◆ Exercise prompt ◆
Please, without any pictures, transcribe the lines from the one holding "Norway-Waterfront Lindal Cedar" to the end of the listing, both ends included.

◆ Given material ◆
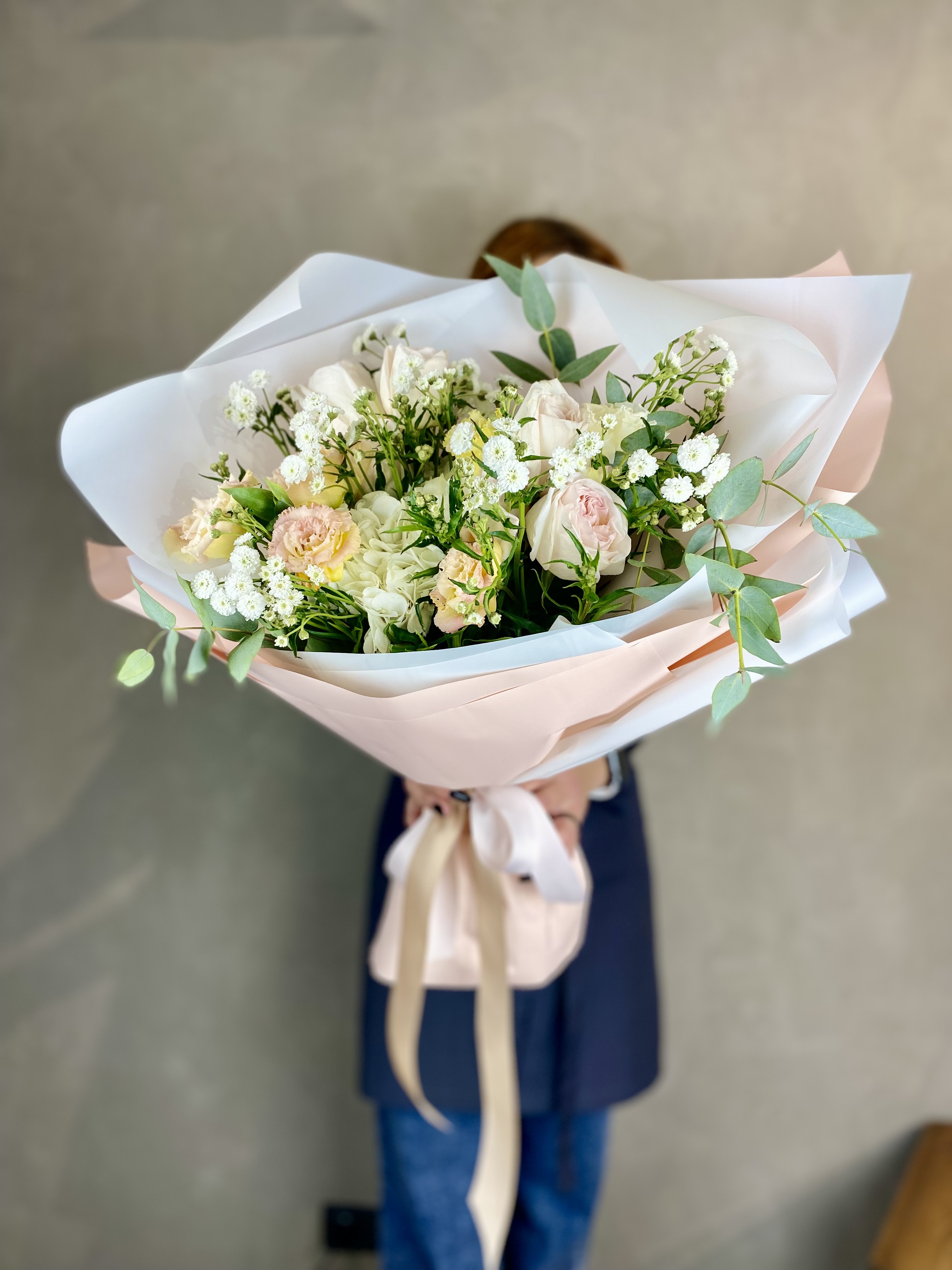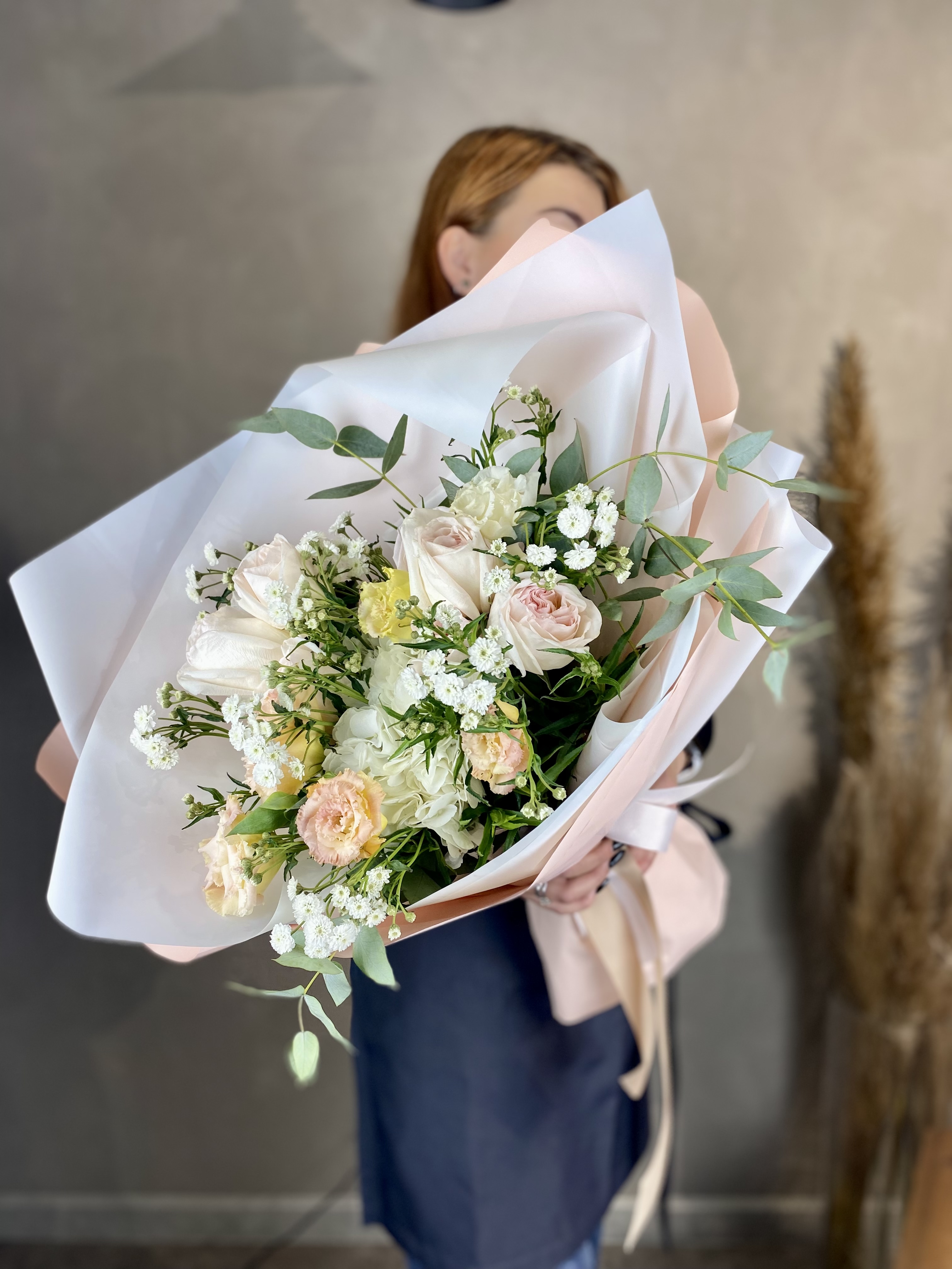 Гортензия задаёт пышную основу, а маттиола и лимониум наполняют букет текстурной глубиной. Французские розы и ковыль создают динамику, которая оживляет композицию и придаёт ей выразительность.
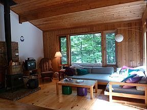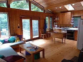 Norway-Waterfront Lindal Cedar home at phenominal price! 100' priv beach on Sand Pond. Lots of glass, vaulted ceilings, 2BR/1BA $186,900
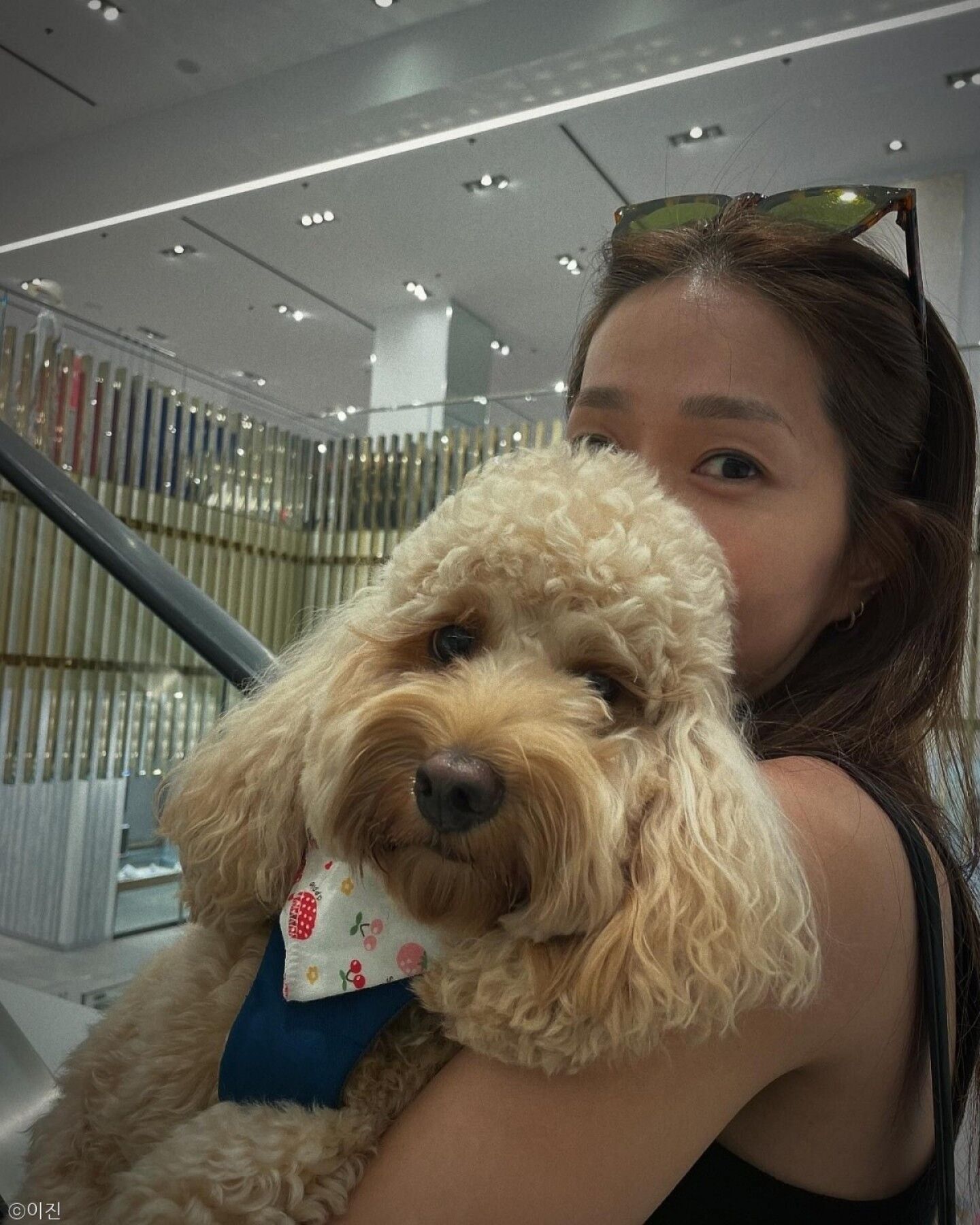 공개된 사진 속에서 이진은 장군이를 품에 꼭 안은 채 미소 짓고 있다. 사랑스러운 매력을 뽐내며 카메라를 응시하는 장군이의 귀여운 모습이 눈길을 끈다.

◆ Exercise output ◆
 Norway-Waterfront Lindal Cedar home at phenominal price! 100' priv beach on Sand Pond. Lots of glass, vaulted ceilings, 2BR/1BA $186,900
 공개된 사진 속에서 이진은 장군이를 품에 꼭 안은 채 미소 짓고 있다. 사랑스러운 매력을 뽐내며 카메라를 응시하는 장군이의 귀여운 모습이 눈길을 끈다.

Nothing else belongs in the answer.